Мы прошли за угол и столкнулись лицом к лицу с капитаном. Обоюдные восхищения радости показывали каждому из нас, как мы успели сдружиться. Узнав, что мы ищем цветов и тортов и очень хотим найти фиалок, так как это любимый цветок Анны, капитан покачал головой.
— Торт, хоть башней, с мороженым и без него, найти ничего не стоит. Но хорошие цветы найти в этот глухой сезон — это задача, — сказал капитан. — Но так как вы хотите их найти для красавицы, какую раз в жизни можно увидеть, стоит постараться. Зайдем к моему знакомому кондитеру, он выполнит заказ с восторгом, потому что многим мне обязан. А потом сядем в коляску и помчимся к одному моему другу — садоводу. Он живет верстах в трех от города. Если только есть в Константинополе хорошие цветы и фиалки, они у вас будут.
Быстро, точно по военной команде, мы прошли еще две улицы и вошли в довольно невзрачную кондитерскую. Я был разочарован. Мне хотелось сделать заказ в блестящем магазине; здесь же я не ждал найти что-либо из ряда вон выходящее.

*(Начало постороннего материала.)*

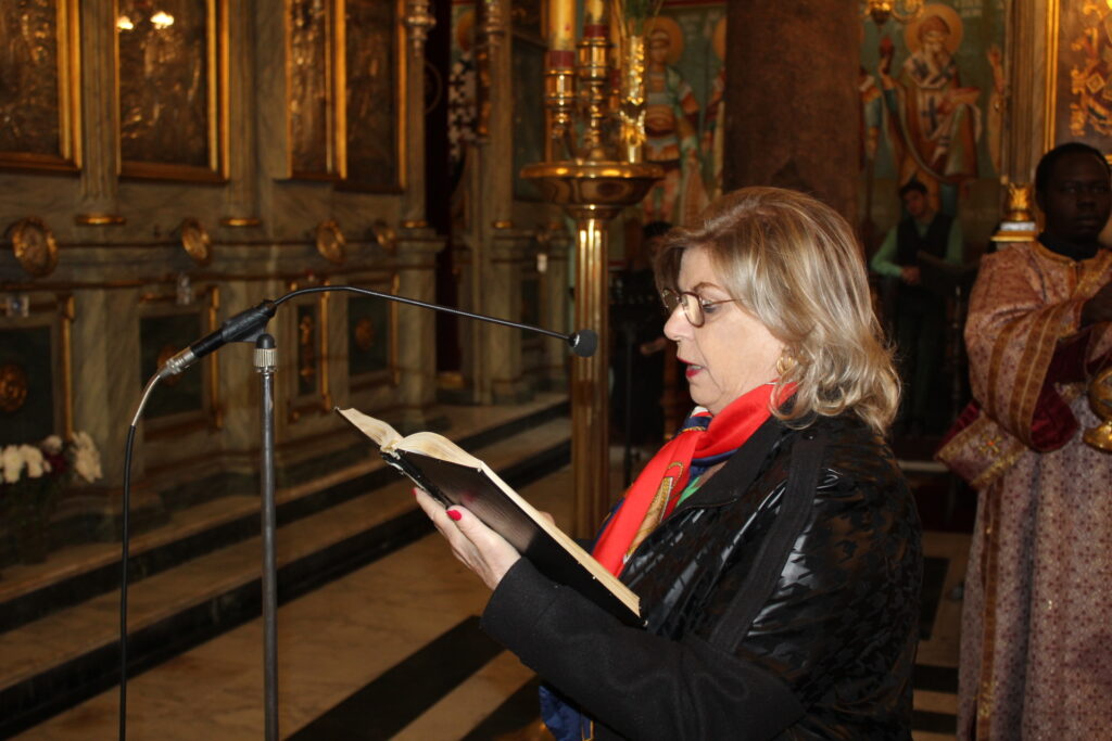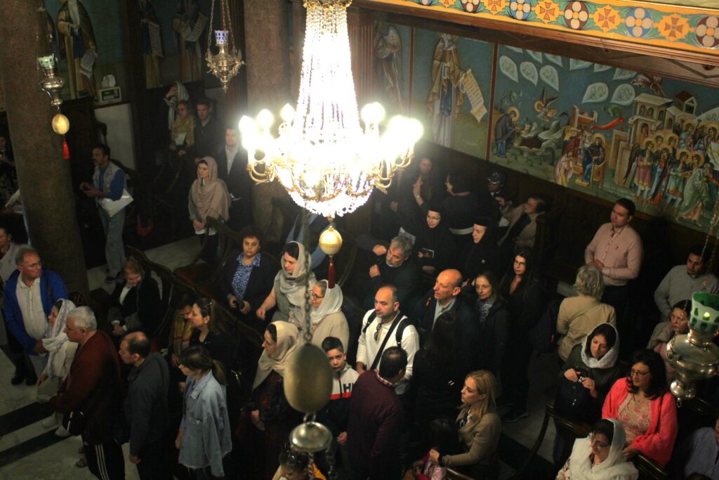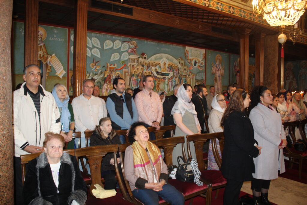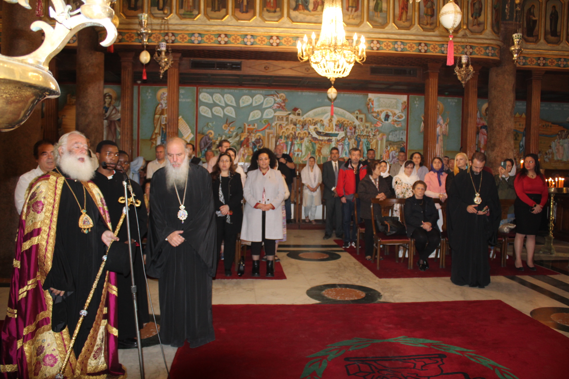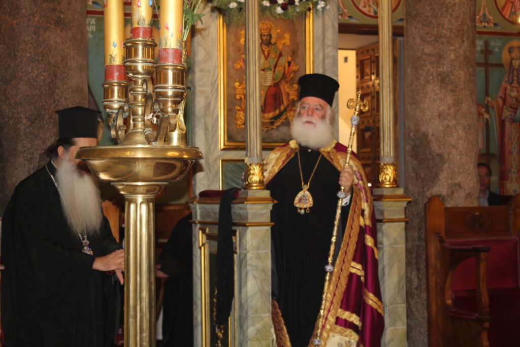 Με τον Μακαριώτατο συμπροσευχήθηκαν: οι Σεβασμιότατοι Μητροπολίτες Γουινέας κ. Γεώργιος – Εκπρόσωπος του Πατριάρχη στην Αθήνα, Πτολεμαΐδος κ. Παντελεήμων – Αρχιγραμματέας της Ιεράς Συνόδου, Πηλουσίου κ. Νάρκισσος – Πατριαρχικός Επίτροπος και ο Θεοφιλέστατος Μητροπολίτης Ταμιάθεως κ. Γερμανός – Προϊστάμενος της Ιεράς Μονής του Οσίου Σάββα του Ηγιασμένου. Μαζί τους και ο ιερέας των Αραβόφωνων κ. Σάμι όπως και οι μαθητές της Πατριαρχικής Σχολής «Άγιος Αθανάσιος».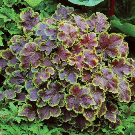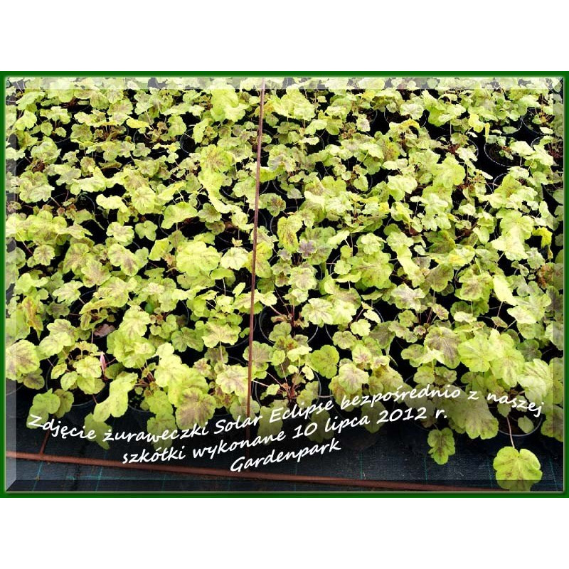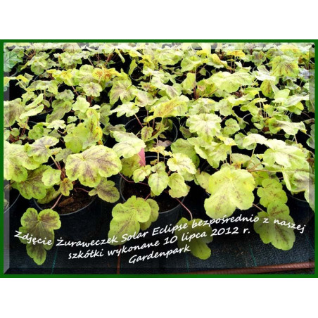 Żurawka "Solar Eclipse" to zupełnie nowa odmiana, wprowadzona na światowe rynki w 2011 roku.Dorasta do około 25 cm wysokości oraz 40 cm szerokości. Jej cechą charakterystyczną są liście szerokie z żółtym marginesem, środek liścia purpurowy, im więcej słońca tym mocniej wybarwią się liście. Kwiaty białe, obficie pojawiaja się w czerwcu. Roślina szczególnie polecana dla osób

И как всегда, ошибся. Пока капитан и И. заказывали какие-то мудреные вещи, хозяйка, закутанная с ног до головы в черное покрывало, подала мне какое-то пирожное и бокал холодного темно-красного питья. Ничем не прельстило меня ни то, ни другое, но когда я взял в рот кусочек, я жадно немедленно отправил в него все оставшееся. Едва запив его холодным питьем, я мог только сказать:
— Капитан, это Багдад.
Капитан и хозяева засмеялись, мои спутники потребовали себе багдадского волшебства, а я справился со второй его порцией не менее быстро, чем с первой.
Капитан нас торопил; мы сели в коляску и понеслись по сонному городу, точно лениво дремавшему под солнцем.
— Вот и суди по виду, — сказал я капитану. — Я осудил вас, зачем вы пошли в такую тоскливую кондитерскую. А вышло так, что, очевидно, вечером кое-кто язык проглотит от ваших тортов.
Капитан смеялся и рассказывал нам в юмористическом тоне о своих многочисленных бедствиях. Он очень скромно упомянул, что всю пароходную бедноту, задержанную в Константинополе из-за ремонта, устроил на свой счет в нескольких второразрядных гостиницах.
— Все бы ничего, — вздыхал он. — Только дамы из первого и второго классов замучили. И зачем только созданы дамы, — комически разводя руками, говорил он.
— Вот бы посмотрел я на вас, если б не было дам. Ваши желтые глаза никогда не становились бы глазами тигра, и вам было бы адски скучно командовать одними мужчинами.
— Левушка, вы второй раз отливаете мне пулю прямо в сердце. Хорошо, что сердце у меня крепкое и приедем скоро. Знаете ли, доктор И., если бы отпустили этого молодца со мною в Англию, он, пожалуй, забрал бы меня в руки чего доброго.
И. улыбался капитану, улыбался мне и стал рассказывать, как хорошо все сложилось в судьбе Жанны. Капитан внимательно слушал и долго молчал, когда И. окончил свой рассказ.
— Нет, знаете ли, я, конечно, только морской волк. Но чтобы Анна вязалась в моем представлении со шляпами — никак не пойму. Анна — богиня... и шляпы! — все повторял капитан.
— Но ведь для шляп нужна толпа людей, — сказал я.
— Ах, Левушка, ну какие это люди. Это дамы, а не женщины. Но вот мы скоро и приедем. Обратите внимание на эту панораму. Тут все дамы из головы выскочат.
И действительно, было на что посмотреть, и нельзя было решить, с какой стороны город казался лучше.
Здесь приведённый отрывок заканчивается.